About this exercise: Would you return every line of the listing below that has "crafted" in it?

Input material:
----
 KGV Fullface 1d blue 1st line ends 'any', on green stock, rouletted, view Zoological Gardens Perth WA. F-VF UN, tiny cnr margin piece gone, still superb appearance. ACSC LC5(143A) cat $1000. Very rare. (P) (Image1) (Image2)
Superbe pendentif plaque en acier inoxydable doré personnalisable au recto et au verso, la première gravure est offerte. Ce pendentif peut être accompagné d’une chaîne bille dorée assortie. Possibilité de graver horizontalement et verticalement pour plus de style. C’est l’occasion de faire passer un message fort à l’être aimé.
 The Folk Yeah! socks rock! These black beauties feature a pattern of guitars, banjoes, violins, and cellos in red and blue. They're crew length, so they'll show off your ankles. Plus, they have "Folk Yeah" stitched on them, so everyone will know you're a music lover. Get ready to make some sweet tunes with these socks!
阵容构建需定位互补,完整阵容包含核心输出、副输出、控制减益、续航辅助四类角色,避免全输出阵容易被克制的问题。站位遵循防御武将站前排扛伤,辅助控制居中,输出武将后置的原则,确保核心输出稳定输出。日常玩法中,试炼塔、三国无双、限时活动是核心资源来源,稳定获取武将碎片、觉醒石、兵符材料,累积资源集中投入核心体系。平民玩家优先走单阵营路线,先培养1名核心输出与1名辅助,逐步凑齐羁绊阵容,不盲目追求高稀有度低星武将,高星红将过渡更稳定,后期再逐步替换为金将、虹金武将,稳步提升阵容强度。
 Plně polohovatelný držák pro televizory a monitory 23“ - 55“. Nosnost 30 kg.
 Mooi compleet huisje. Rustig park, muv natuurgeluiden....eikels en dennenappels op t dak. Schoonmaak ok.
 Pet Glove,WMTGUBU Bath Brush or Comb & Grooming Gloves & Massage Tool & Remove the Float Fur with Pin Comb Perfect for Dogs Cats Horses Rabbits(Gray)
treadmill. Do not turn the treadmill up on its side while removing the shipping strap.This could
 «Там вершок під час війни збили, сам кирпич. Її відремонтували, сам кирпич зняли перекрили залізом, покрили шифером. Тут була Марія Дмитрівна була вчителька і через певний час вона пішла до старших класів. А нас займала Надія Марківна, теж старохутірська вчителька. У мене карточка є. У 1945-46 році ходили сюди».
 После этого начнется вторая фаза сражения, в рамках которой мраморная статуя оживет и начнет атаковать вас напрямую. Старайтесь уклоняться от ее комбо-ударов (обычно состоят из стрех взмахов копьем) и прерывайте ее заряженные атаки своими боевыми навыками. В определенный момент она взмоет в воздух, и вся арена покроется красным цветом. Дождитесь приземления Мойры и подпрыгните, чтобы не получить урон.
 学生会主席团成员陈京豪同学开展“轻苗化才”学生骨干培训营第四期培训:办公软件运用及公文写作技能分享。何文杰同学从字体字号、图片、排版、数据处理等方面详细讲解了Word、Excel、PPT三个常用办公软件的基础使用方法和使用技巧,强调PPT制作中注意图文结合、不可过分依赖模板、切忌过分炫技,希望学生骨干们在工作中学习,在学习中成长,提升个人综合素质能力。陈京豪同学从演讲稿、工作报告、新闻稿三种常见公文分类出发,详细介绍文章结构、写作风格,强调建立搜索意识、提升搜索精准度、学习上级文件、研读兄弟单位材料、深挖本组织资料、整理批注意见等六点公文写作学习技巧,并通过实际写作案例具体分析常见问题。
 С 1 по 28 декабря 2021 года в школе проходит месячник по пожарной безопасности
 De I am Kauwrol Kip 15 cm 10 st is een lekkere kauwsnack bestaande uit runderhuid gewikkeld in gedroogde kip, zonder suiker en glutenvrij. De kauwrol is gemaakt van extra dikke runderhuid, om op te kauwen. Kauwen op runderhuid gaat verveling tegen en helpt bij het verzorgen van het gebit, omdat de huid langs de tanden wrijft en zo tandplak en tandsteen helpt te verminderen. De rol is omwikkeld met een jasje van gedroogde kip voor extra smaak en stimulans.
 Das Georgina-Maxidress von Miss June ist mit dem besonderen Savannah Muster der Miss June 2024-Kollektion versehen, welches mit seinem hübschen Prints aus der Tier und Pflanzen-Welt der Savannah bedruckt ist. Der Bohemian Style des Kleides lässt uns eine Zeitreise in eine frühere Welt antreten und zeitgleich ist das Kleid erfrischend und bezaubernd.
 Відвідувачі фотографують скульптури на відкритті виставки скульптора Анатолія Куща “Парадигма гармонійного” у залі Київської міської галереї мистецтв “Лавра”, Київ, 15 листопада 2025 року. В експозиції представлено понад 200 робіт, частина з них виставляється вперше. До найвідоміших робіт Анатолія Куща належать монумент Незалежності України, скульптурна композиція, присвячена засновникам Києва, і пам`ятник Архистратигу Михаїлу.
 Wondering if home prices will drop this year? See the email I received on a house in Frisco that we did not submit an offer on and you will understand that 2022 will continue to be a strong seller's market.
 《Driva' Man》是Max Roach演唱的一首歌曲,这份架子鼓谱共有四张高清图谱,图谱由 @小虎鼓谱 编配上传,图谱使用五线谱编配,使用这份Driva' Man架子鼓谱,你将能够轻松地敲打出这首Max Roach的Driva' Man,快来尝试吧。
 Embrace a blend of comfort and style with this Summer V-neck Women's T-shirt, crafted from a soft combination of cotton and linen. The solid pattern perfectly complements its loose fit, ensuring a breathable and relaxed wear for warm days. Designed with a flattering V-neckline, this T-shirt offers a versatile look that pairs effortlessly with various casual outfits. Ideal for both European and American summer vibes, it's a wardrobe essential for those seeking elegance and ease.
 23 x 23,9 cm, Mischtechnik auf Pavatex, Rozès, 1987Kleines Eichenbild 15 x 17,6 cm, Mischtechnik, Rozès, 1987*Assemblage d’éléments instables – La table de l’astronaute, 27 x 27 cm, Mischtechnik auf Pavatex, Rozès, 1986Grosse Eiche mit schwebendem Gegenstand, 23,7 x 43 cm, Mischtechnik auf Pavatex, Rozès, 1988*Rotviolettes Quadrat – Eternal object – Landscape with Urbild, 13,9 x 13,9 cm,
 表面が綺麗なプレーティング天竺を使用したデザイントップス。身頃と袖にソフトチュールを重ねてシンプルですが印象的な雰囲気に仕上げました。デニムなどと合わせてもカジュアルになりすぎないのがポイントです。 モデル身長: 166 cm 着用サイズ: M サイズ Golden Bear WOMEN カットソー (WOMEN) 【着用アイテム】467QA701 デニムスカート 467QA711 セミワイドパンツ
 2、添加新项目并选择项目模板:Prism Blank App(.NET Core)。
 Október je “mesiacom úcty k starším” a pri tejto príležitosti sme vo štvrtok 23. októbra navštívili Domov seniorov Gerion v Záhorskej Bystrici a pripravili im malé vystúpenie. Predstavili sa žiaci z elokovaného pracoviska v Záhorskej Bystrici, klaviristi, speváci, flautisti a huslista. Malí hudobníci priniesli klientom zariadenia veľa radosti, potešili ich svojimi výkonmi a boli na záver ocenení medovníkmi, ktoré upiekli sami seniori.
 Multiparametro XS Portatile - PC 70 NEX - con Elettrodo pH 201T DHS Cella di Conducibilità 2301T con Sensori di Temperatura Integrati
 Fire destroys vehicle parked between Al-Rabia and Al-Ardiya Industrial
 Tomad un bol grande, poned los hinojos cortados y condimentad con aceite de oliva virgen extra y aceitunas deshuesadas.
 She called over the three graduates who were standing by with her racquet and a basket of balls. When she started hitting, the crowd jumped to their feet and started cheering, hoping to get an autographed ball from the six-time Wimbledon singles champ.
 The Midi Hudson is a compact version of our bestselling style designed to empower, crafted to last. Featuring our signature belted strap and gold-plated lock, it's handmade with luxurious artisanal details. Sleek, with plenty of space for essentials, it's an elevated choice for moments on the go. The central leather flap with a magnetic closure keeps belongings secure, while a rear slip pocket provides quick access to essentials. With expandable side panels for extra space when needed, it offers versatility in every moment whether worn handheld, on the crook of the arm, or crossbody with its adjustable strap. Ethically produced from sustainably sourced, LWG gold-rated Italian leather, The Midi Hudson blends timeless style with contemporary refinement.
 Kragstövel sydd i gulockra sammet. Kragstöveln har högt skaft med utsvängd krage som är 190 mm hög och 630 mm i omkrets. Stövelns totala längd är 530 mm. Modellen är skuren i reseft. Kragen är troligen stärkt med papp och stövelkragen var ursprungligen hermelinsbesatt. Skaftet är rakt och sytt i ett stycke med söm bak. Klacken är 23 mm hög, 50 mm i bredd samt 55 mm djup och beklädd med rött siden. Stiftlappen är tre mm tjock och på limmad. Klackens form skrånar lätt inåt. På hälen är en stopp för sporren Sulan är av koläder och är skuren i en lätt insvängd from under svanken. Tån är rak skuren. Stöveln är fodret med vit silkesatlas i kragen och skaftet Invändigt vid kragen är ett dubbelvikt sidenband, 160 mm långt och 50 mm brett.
----
Worked solution:
 Embrace a blend of comfort and style with this Summer V-neck Women's T-shirt, crafted from a soft combination of cotton and linen. The solid pattern perfectly complements its loose fit, ensuring a breathable and relaxed wear for warm days. Designed with a flattering V-neckline, this T-shirt offers a versatile look that pairs effortlessly with various casual outfits. Ideal for both European and American summer vibes, it's a wardrobe essential for those seeking elegance and ease.
 The Midi Hudson is a compact version of our bestselling style designed to empower, crafted to last. Featuring our signature belted strap and gold-plated lock, it's handmade with luxurious artisanal details. Sleek, with plenty of space for essentials, it's an elevated choice for moments on the go. The central leather flap with a magnetic closure keeps belongings secure, while a rear slip pocket provides quick access to essentials. With expandable side panels for extra space when needed, it offers versatility in every moment whether worn handheld, on the crook of the arm, or crossbody with its adjustable strap. Ethically produced from sustainably sourced, LWG gold-rated Italian leather, The Midi Hudson blends timeless style with contemporary refinement.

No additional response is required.